En 1892, Eliza Ann Reid fonde l’une des premières associations féminines du dominion, le Montreal Women’s Club, en s’inspirant des sociétés similaires formées dans plusieurs villes américaines. Les objectifs du club sont très larges : celui-ci vise à promouvoir le développement culturel, scientifique et social de ses membres. Une orientation féministe teinte nettement ses activités. On s’y préoccupe particulièrement de l’absence de femmes dans les commissions scolaires, dans les conseils d’administration d’hôpitaux et dans plusieurs facultés universitaires. Le club lutte contre cette discrimination en adressant des pétitions au gouvernement et aux autorités intéressées, ainsi qu’en organisant des conférences sur des thèmes comme l’éducation, le droit et le travail des femmes (notamment sur les programmes scolaires auxquels elles ont accès, leur statut légal dans la province de Québec et leur présence dans le monde des affaires). Parmi les membres illustres du Montreal Women’s Club se trouvent Carrie Matilda Derick*, lady Drummond [Parker*], Octavia Grace Ritchie*, de même que la propre fille de la présidente, Helen Richmond Young Reid*. Eliza Ann Reid demeurera à la tête de cette association jusqu’à sa démission en 1902.
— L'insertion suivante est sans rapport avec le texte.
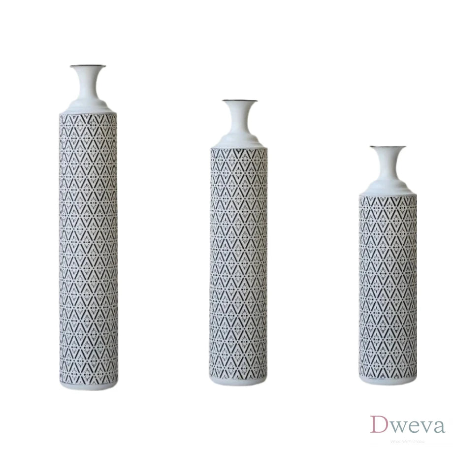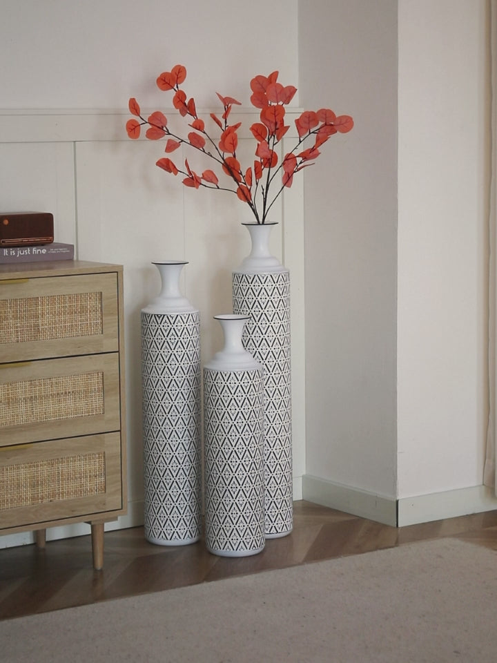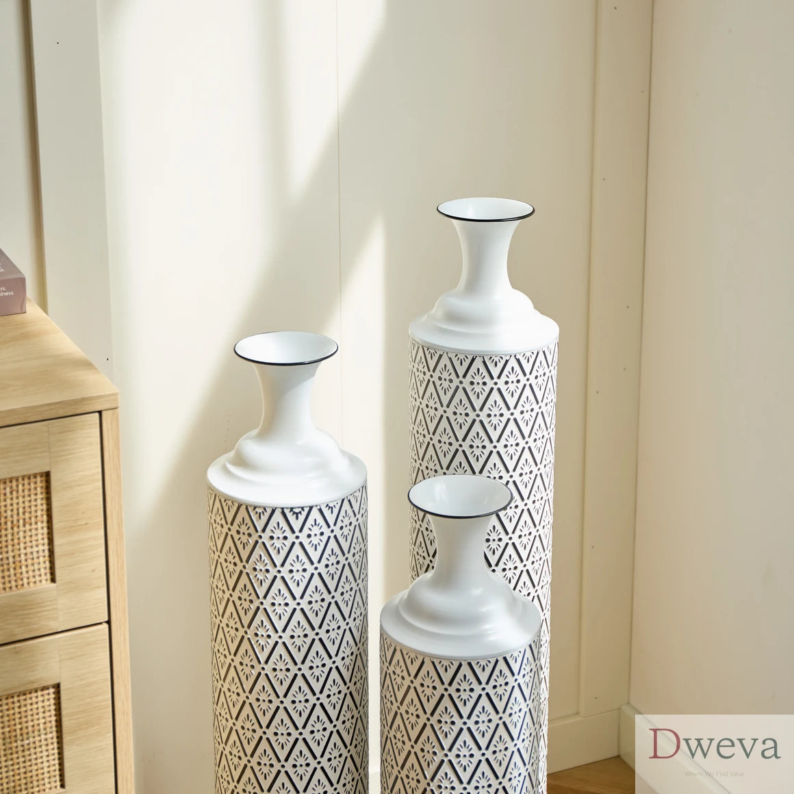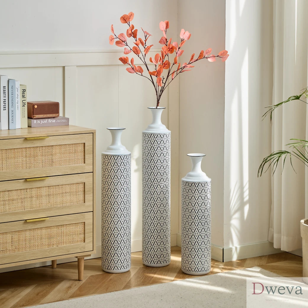 Modern Floor Vase Set – White & Black Metal Vases with Geometric Pattern – 3-Piece Home Decor Set in 24.8 in, 29.13 in & 33.85 in Heights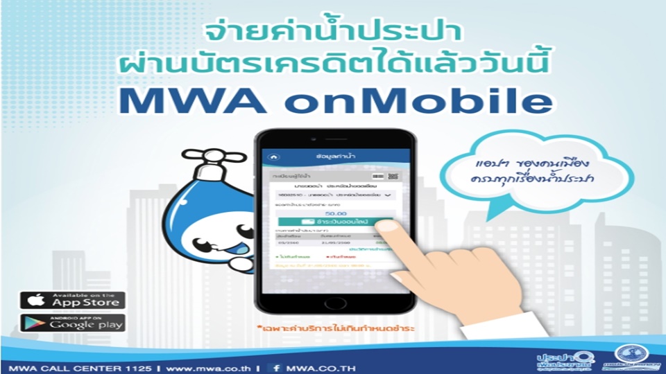 ล่าสุด กปน.เพิ่มบริการใหม่ โดยการพัฒนาแอพฯ MWA onMobile ให้รองรับการชำระเงินค่าน้ำประปาผ่านบัตรเครดิต (VISA , Master Card) กปน. จึงขอเชิญชวนให้ประชาชนดาวน์โหลดแอปฯ MWA OnMobile เพื่อความสะดวกในการใช้น้ำในยุคดิจิตอล เพื่อให้ผู้ใช้น้ำได้รับบริการที่สะดวก รวดเร็ว พร้อมทั้งตอบสนองนโยบายที่เกี่ยวกับ Digital Economy ของรัฐบาลอีกด้วย โดยผู้ใช้น้ำสามารถดาวน์โหลดแอพฯ ได้ฟรีที่ App Store และ Play Store.-สำนักข่าวไทย

En 1893, à la fondation du Local Council of Women de Montréal (branche montréalaise du National Council of Women of Canada) [V. Ishbel Maria Marjoribanks*], le Montreal Women’s Club obtient son affiliation à cette nouvelle fédération d’associations féminines de la métropole. Eliza Ann Reid devient alors l’une des vice-présidentes de la fédération locale et demeure membre de la direction de cet organisme au moins jusqu’en 1924 (à titre honorifique au cours des dernières années). En œuvrant au sein de cette fédération, elle côtoie plusieurs féministes réputées de la bourgeoisie de Montréal, dont les francophones Marguerite Thibaudeau [Lamothe*], Joséphine Dandurand [Marchand] et Marie Gérin-Lajoie [Lacoste*]. À l’échelon national, elle est également membre d’un comité qui étudie la protection juridique des femmes et des enfants.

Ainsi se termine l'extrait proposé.